• **What is being asked**
Beneath this task are the entries; from the line with "This is a black" through the last one, transcribe every line exactly and nothing else, skipping pictures.
(Beginning of The input)
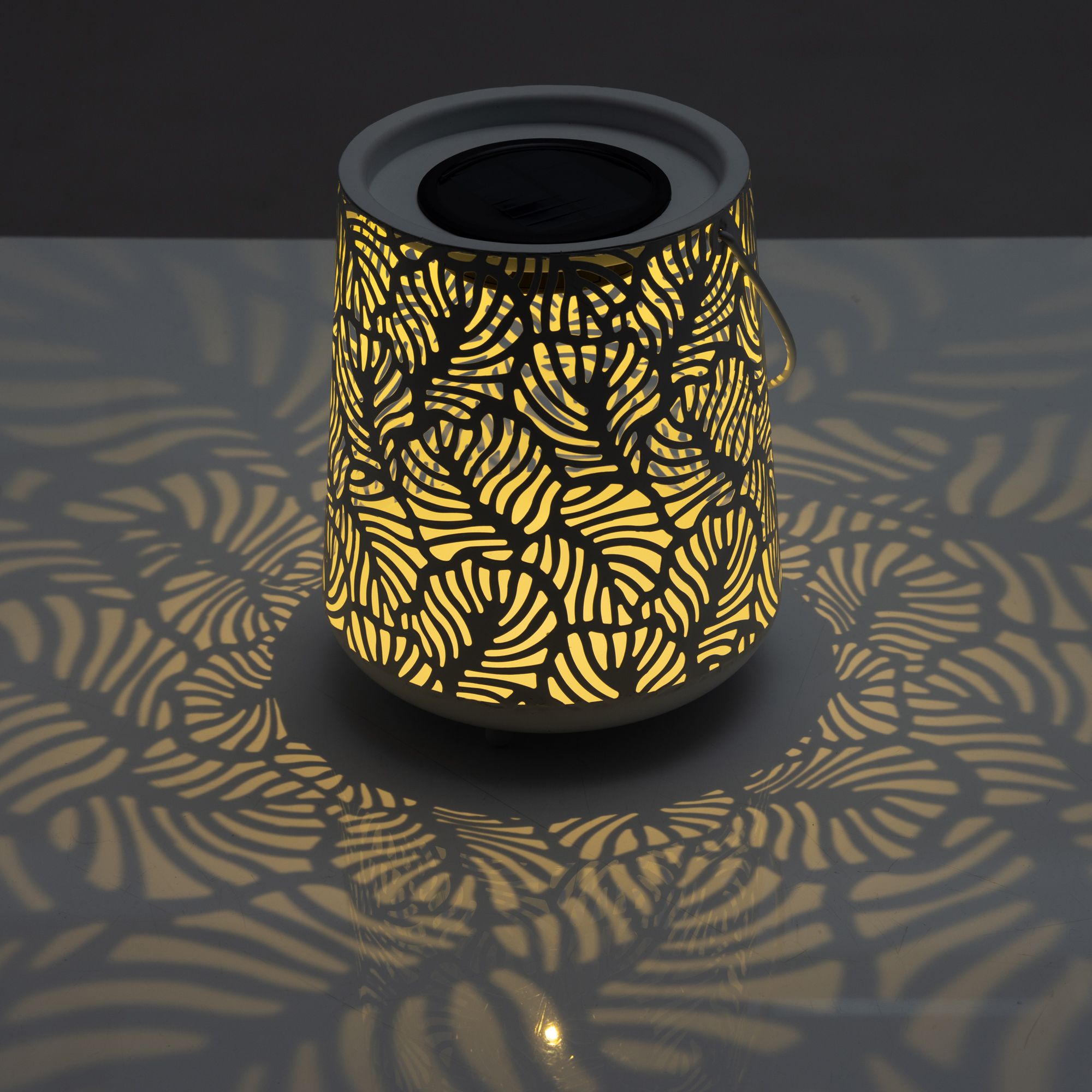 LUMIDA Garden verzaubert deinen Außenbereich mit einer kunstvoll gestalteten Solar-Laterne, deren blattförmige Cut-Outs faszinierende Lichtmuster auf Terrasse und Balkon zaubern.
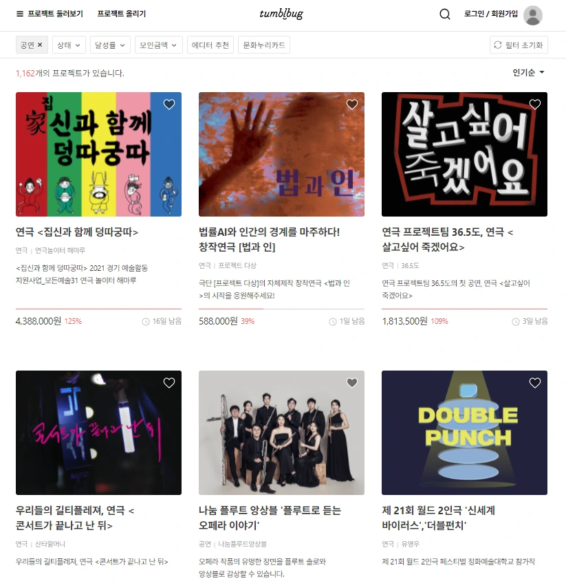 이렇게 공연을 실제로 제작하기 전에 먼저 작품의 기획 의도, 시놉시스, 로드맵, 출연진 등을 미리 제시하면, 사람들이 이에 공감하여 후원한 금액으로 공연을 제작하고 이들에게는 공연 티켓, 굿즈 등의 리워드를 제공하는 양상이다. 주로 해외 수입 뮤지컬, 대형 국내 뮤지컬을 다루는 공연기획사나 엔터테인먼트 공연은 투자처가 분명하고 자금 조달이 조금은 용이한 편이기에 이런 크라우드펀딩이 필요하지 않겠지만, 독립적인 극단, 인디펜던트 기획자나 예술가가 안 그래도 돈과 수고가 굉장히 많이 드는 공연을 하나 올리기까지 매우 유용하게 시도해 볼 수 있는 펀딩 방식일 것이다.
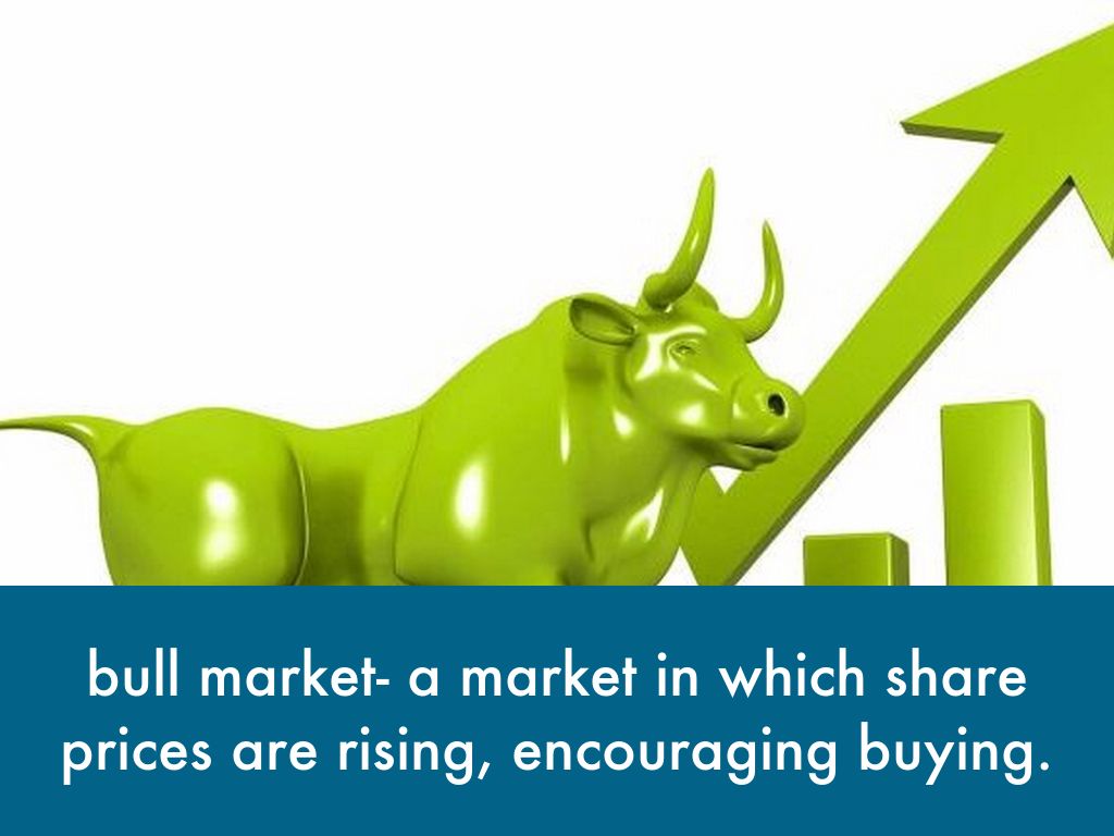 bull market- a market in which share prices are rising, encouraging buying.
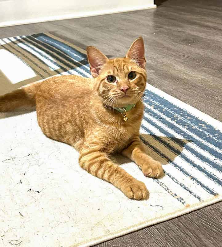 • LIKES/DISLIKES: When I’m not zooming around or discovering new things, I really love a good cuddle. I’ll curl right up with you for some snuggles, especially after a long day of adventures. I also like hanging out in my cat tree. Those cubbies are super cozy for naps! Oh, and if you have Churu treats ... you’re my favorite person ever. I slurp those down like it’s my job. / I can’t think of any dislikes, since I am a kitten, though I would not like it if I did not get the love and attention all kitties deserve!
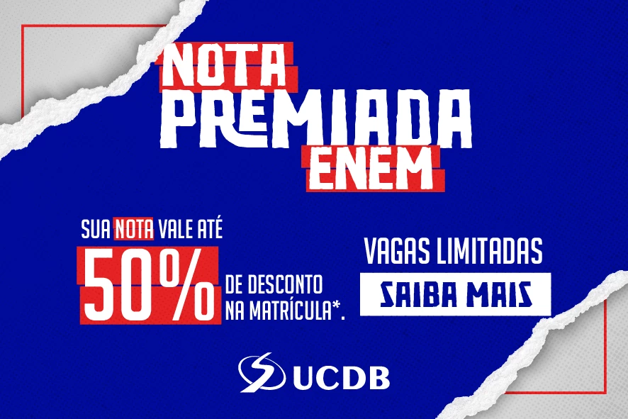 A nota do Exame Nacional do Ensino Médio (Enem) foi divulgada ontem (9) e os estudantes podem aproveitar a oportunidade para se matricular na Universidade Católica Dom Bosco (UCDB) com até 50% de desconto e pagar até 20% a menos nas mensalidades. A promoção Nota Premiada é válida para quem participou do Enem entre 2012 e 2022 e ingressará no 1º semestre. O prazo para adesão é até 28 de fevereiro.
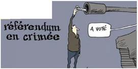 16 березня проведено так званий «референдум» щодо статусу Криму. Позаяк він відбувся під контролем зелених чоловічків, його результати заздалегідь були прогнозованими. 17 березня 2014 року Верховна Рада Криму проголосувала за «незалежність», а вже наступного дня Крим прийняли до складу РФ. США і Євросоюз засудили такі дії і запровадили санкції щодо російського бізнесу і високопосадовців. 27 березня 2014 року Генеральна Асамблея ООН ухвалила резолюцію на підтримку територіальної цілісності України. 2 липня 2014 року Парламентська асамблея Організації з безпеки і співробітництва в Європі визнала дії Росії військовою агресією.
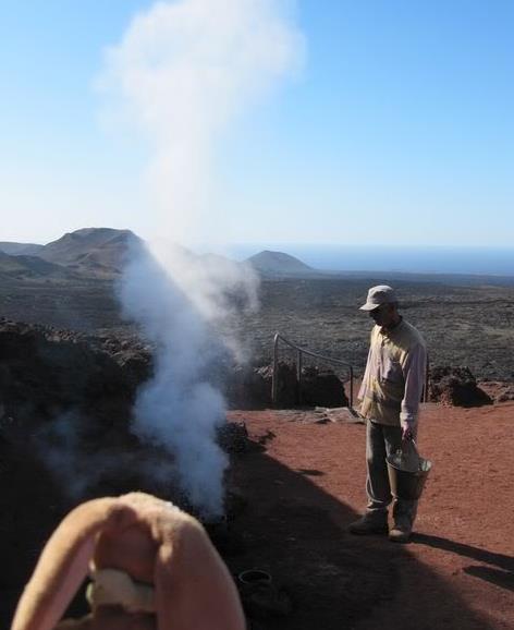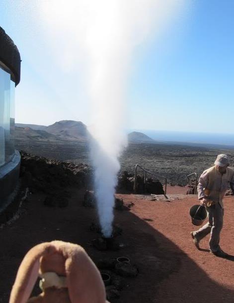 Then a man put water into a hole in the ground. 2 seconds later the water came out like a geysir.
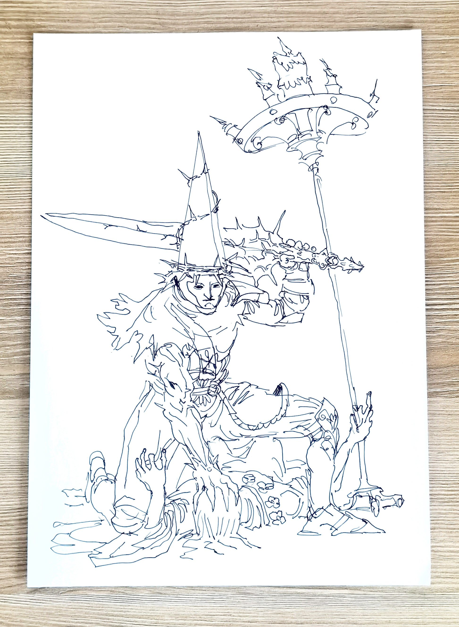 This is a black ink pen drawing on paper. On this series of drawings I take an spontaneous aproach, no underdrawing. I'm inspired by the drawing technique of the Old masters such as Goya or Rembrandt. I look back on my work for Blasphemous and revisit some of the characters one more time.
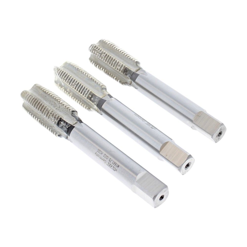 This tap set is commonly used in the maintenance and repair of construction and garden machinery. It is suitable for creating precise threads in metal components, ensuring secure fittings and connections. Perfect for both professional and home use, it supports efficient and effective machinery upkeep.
(End of The input)
• **Your response**
 This is a black ink pen drawing on paper. On this series of drawings I take an spontaneous aproach, no underdrawing. I'm inspired by the drawing technique of the Old masters such as Goya or Rembrandt. I look back on my work for Blasphemous and revisit some of the characters one more time.
 This tap set is commonly used in the maintenance and repair of construction and garden machinery. It is suitable for creating precise threads in metal components, ensuring secure fittings and connections. Perfect for both professional and home use, it supports efficient and effective machinery upkeep.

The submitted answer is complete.